# Nominal rpm x Peak rpm on a electric motor



## major (Apr 4, 2008)

DiasAida said:


> I am currently projecting an electric motor to run in a electric car and I came with a question that I can not answer with my knowledge:
> The car that i am projecting have 76 rated torque with 3200 rpm nominal speed. But with these variables it is not possible for it to reach the 60 km/h needed on the project. I need to increase the speed up to 4500 rpm (still within the speed range of 6000 rpm) but I do not know if this is going to shorten the motor life and if it is possible to maintain that rotation for long periods of time (like 4-5 minutes). Can somebody help me with this?
> 
> Thanks
> ...


Hi Marcos,

I think you are confused about motor "rating" or as I call it---the nameplate game. At face value, your post seems confusing and one would just tell you to choose the appropriate gear ratio to run the motor at your desired RPM for the required vehicle speed (km/h). So I hope I am addressing your question.

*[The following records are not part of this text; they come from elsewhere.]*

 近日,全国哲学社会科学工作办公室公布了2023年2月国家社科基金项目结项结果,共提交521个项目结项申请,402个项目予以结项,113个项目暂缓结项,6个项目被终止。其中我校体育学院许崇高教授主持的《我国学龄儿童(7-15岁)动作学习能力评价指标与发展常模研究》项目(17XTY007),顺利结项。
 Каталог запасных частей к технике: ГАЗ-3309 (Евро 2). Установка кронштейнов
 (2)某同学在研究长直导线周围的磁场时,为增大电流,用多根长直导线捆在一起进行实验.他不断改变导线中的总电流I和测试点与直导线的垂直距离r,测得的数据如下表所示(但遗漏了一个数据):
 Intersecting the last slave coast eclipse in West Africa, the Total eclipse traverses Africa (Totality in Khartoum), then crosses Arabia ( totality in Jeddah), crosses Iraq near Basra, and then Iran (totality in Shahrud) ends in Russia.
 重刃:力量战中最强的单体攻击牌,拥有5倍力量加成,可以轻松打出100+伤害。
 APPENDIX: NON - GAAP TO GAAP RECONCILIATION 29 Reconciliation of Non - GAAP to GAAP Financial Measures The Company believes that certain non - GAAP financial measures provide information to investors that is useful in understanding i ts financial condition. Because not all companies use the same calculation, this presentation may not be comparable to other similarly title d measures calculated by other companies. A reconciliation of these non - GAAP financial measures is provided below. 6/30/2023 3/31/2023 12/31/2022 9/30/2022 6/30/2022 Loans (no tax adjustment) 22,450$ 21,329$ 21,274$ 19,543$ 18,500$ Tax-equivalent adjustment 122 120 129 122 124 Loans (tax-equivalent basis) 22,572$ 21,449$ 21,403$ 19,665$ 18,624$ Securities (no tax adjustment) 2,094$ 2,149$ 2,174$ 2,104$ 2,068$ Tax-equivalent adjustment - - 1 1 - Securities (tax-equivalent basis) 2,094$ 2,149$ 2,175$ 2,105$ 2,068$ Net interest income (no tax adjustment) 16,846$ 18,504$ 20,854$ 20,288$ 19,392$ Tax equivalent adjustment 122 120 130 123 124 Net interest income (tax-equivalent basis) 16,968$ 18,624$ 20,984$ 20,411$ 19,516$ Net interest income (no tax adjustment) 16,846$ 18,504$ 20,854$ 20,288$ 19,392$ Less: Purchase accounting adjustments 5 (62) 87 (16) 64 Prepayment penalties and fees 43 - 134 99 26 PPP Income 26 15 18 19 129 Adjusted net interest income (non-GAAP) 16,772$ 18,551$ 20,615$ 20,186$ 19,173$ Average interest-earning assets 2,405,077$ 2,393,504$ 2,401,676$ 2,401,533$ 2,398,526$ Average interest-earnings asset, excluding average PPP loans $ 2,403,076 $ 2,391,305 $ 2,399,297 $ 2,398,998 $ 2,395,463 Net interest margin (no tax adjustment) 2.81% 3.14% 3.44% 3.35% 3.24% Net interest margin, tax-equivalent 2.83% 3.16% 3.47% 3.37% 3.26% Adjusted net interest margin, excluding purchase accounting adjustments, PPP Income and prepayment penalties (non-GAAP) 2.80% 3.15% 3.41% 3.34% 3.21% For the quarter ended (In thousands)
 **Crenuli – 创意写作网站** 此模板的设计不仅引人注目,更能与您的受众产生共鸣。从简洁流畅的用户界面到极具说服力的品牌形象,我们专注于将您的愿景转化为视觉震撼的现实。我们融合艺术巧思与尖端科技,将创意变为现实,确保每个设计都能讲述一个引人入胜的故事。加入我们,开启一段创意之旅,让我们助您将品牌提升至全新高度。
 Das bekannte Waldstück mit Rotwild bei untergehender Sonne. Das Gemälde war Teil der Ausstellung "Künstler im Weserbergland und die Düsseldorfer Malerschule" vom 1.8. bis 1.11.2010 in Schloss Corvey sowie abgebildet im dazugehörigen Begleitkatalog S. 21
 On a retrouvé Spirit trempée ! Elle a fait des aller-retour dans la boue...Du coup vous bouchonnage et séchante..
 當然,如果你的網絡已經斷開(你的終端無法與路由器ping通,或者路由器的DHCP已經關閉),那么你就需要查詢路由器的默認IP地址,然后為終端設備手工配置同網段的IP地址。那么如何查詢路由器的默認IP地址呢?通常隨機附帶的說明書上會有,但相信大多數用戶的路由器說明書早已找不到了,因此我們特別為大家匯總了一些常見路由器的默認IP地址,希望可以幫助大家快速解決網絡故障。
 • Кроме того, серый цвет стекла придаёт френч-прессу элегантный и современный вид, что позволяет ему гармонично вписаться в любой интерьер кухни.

Electric motors are rated for a specific condition, meaning at a particular RPM, torque, voltage for a specified time with certain ambient conditions and thermal management (cooling). The makers of the motors then can assure that their products conform and users will know what to expect, exactly. This information often times gets abbreviated and stamped on the nameplate. These figures are often called "nominal".

Electric motors routinely are capable of operation beyond these nominal ratings. For instance RPM can be higher, in your case 6000 max. This means that this motor can operate without damage and give acceptable life operating at 6000 RPM or below. However, this does not imply that the other "ratings" such as torque will apply when operated at other than nominal RPM (3200).

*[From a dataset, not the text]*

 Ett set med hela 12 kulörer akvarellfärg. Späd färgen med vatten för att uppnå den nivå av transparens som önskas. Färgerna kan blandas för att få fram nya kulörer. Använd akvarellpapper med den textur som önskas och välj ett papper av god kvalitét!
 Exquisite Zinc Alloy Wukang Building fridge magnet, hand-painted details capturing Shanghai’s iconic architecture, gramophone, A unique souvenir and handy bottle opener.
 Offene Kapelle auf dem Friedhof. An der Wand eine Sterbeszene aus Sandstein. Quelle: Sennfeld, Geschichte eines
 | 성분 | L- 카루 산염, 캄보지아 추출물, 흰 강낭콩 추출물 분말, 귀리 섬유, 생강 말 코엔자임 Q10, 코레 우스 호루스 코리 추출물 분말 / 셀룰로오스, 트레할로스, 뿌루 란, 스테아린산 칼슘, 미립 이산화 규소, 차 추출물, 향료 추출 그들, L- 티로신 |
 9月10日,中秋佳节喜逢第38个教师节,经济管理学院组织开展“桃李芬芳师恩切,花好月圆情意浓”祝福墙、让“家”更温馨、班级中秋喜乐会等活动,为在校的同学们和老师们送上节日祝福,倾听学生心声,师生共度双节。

The same logic often applies to nominal torque. Motors can operate at "overload" torque which is greater than nominal torque, but for reduced time periods before rated temperature is reached.

In your case, the motor is rated at 76 Nm (or lb.ft.---you don't say which units) at 3200 RPM. It is likely that it will operate perfectly well at 4500 RPM, but will not be able to put out 76 Nm for long without overheating. An increase from 3200 to 4500 RPM at the same torque would be 40% increase in power output. So at 4500 RPM, your motor may be able to run for long periods without overheating if the load torque is lower. A reasonable guess would be 40% lower torque so the power is the same. But----it is not a sure bet----check with the motor manufacturer to be sure.

I hope this addresses your question.

major


----------



## DiasAida (Aug 10, 2011)

Thank you so much for the information. It helped me a lot!


----------